*** PROVIDED MATERIAL ***

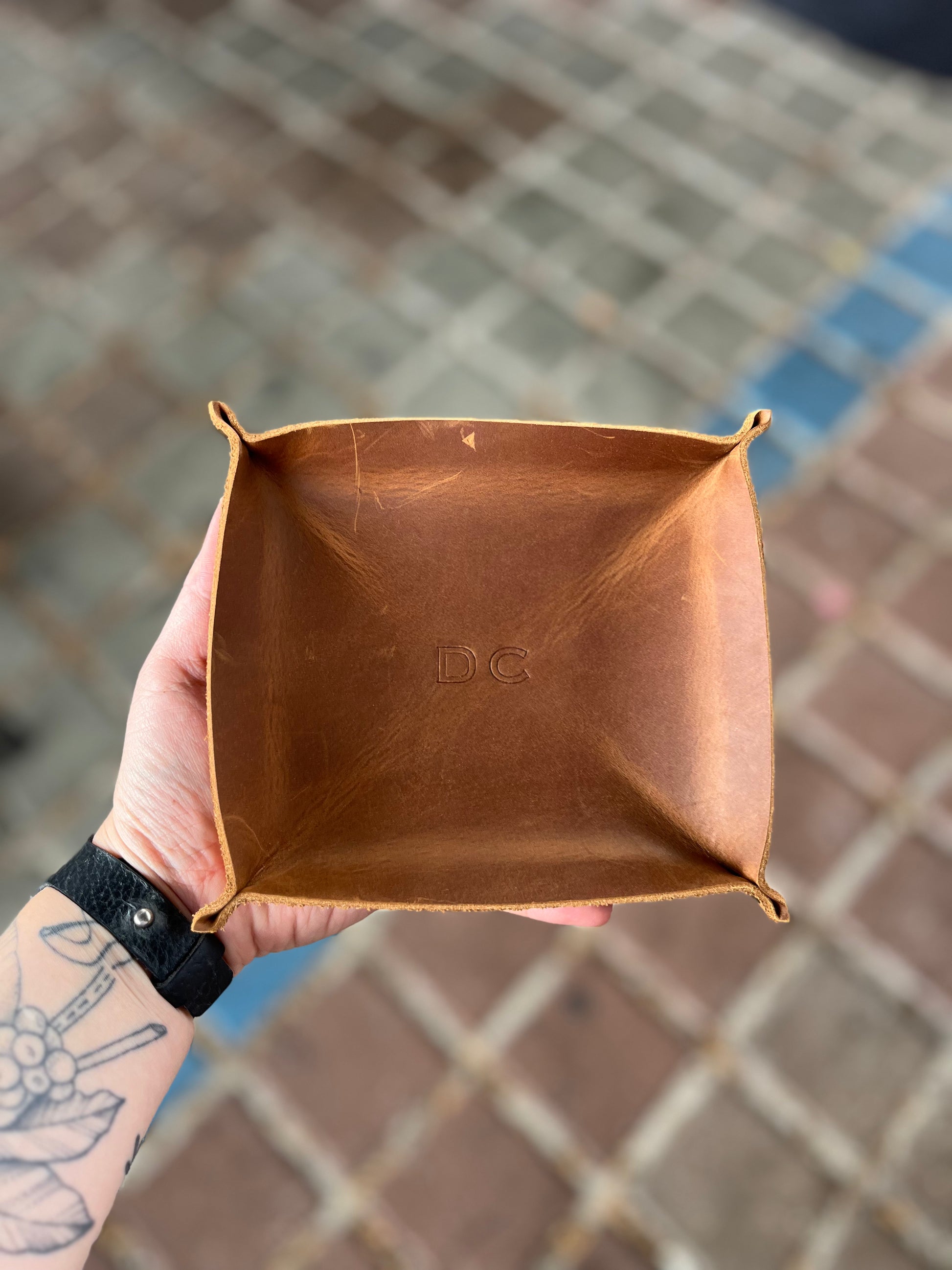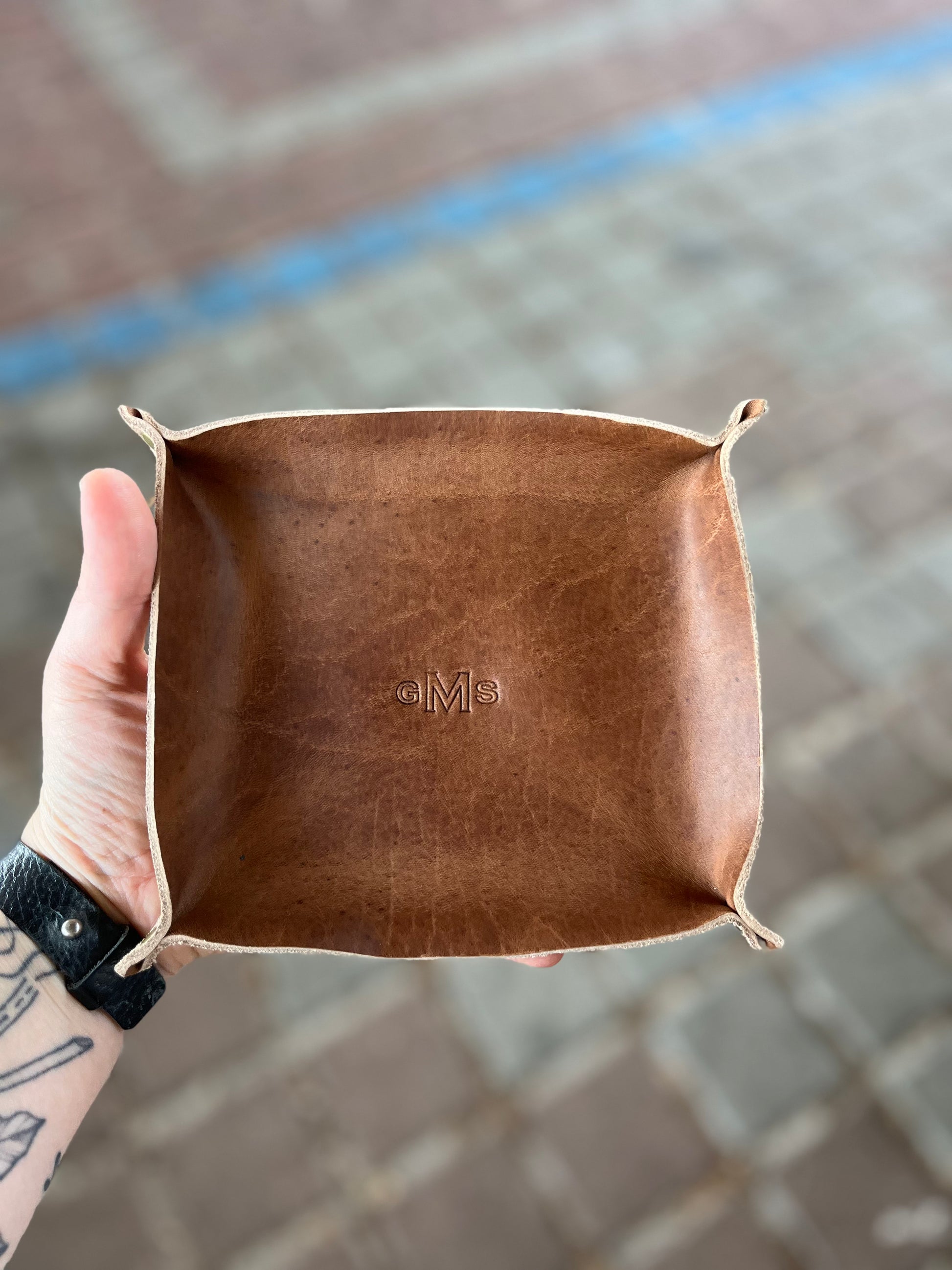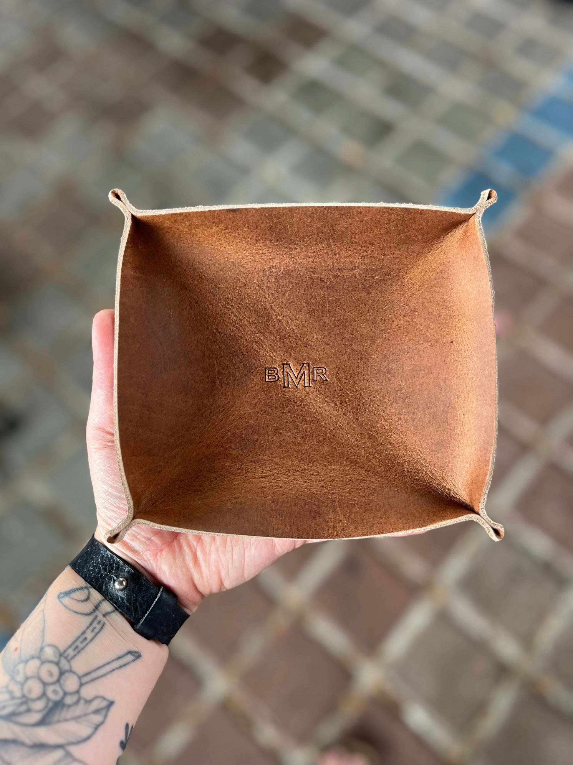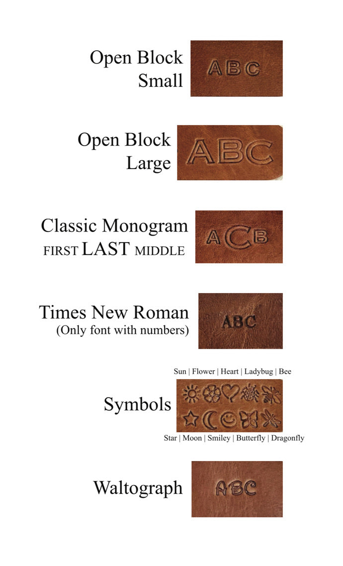 As a part of The Leather Bar, you can add a hand-stamped letter, monogram, name, or symbol. Some ideas include names/initials/monograms, dates, or even a bumble bee. When selecting Classic Monogram, initials should be typed as FIRST LAST MIDDLE and in all caps, for example, ACB.
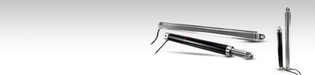 KLEEline in-line actuators in aluminum (IP66) or stainless steel (IP69K) for e.g. raising, lowering, lifting, pressing and pulling functions as well as for positioning tasks. Supplied as standard with a built-in limit switch and with a 3 meter cable.
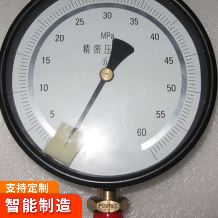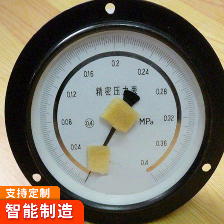 YB150A精密压力表工作原理YB150A精密压力表由测量系统指示部分和外壳部分组成。仪表有较好的密封性并设有检封装置,能保护其内部测量机构免受机械损伤和污秽侵入。精密压力表的作用原理是基于弹性元件(测量系统中的弹簧管)变形。在被测介质的压力作用下,迫使弹簧管的末端产生相应弹性变形——位移,借助于拉杆经齿轮传动机构的传动并予放大,由固定于齿轮轴上的指针逐将被测值在分度盘上指示出来。

*** End of PROVIDED MATERIAL ***

WORK TO BE COMPLETED: Return the whole of the material above exactly, with no picture carried over.

ANSWER BOX:
 As a part of The Leather Bar, you can add a hand-stamped letter, monogram, name, or symbol. Some ideas include names/initials/monograms, dates, or even a bumble bee. When selecting Classic Monogram, initials should be typed as FIRST LAST MIDDLE and in all caps, for example, ACB.
 KLEEline in-line actuators in aluminum (IP66) or stainless steel (IP69K) for e.g. raising, lowering, lifting, pressing and pulling functions as well as for positioning tasks. Supplied as standard with a built-in limit switch and with a 3 meter cable.
 YB150A精密压力表工作原理YB150A精密压力表由测量系统指示部分和外壳部分组成。仪表有较好的密封性并设有检封装置,能保护其内部测量机构免受机械损伤和污秽侵入。精密压力表的作用原理是基于弹性元件(测量系统中的弹簧管)变形。在被测介质的压力作用下,迫使弹簧管的末端产生相应弹性变形——位移,借助于拉杆经齿轮传动机构的传动并予放大,由固定于齿轮轴上的指针逐将被测值在分度盘上指示出来。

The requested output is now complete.